### Your goal
Pictures should be left out when the listing below is repeated word for word.

### Provided material

□ □ □ □

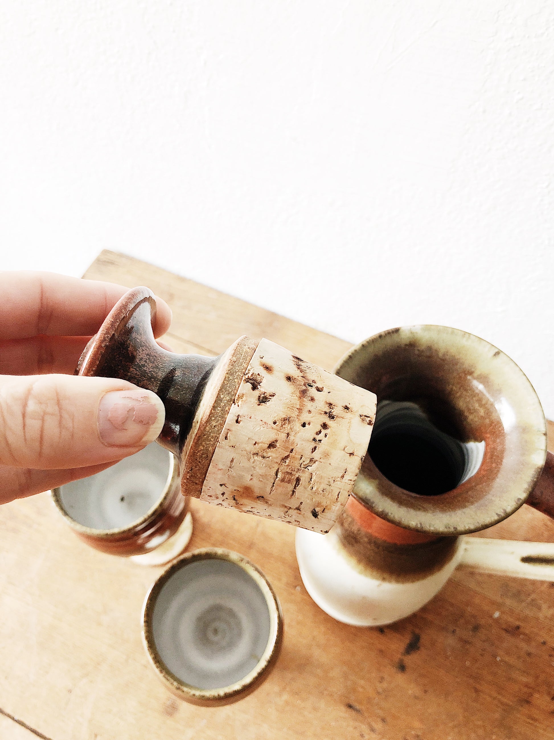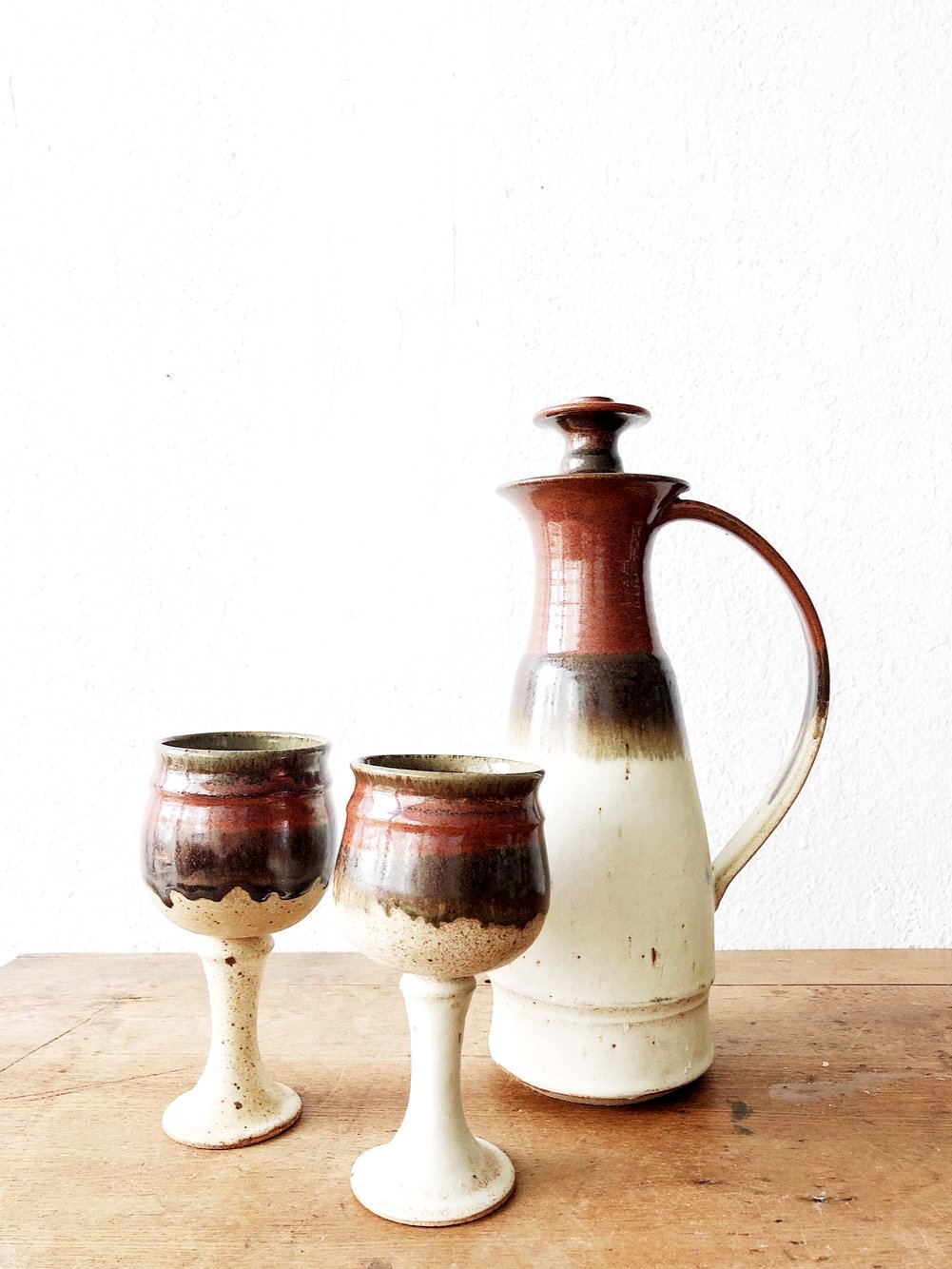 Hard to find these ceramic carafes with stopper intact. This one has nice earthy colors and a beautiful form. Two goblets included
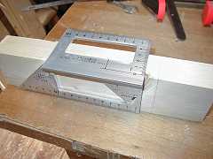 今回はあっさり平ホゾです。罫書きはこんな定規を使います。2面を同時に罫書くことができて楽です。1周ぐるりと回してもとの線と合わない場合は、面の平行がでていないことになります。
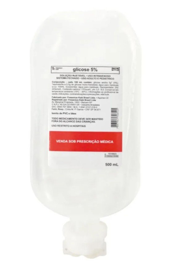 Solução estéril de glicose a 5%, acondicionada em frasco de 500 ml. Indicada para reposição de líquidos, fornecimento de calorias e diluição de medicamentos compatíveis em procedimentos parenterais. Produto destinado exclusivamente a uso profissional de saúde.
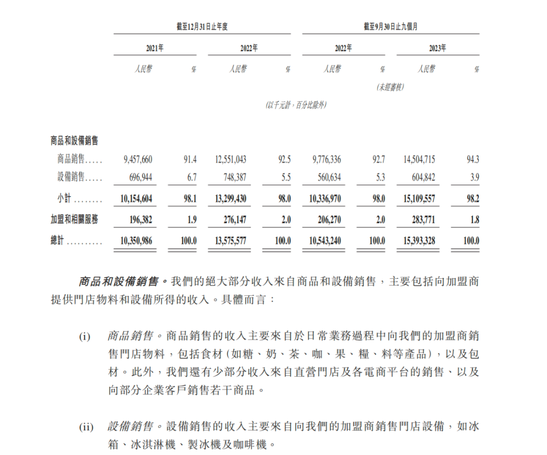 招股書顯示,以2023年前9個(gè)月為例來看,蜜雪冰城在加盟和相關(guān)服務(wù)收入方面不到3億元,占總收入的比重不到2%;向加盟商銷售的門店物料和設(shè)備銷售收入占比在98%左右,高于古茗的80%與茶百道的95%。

□ □ □ □

### Response
 Hard to find these ceramic carafes with stopper intact. This one has nice earthy colors and a beautiful form. Two goblets included
 今回はあっさり平ホゾです。罫書きはこんな定規を使います。2面を同時に罫書くことができて楽です。1周ぐるりと回してもとの線と合わない場合は、面の平行がでていないことになります。
 Solução estéril de glicose a 5%, acondicionada em frasco de 500 ml. Indicada para reposição de líquidos, fornecimento de calorias e diluição de medicamentos compatíveis em procedimentos parenterais. Produto destinado exclusivamente a uso profissional de saúde.
 招股書顯示,以2023年前9個(gè)月為例來看,蜜雪冰城在加盟和相關(guān)服務(wù)收入方面不到3億元,占總收入的比重不到2%;向加盟商銷售的門店物料和設(shè)備銷售收入占比在98%左右,高于古茗的80%與茶百道的95%。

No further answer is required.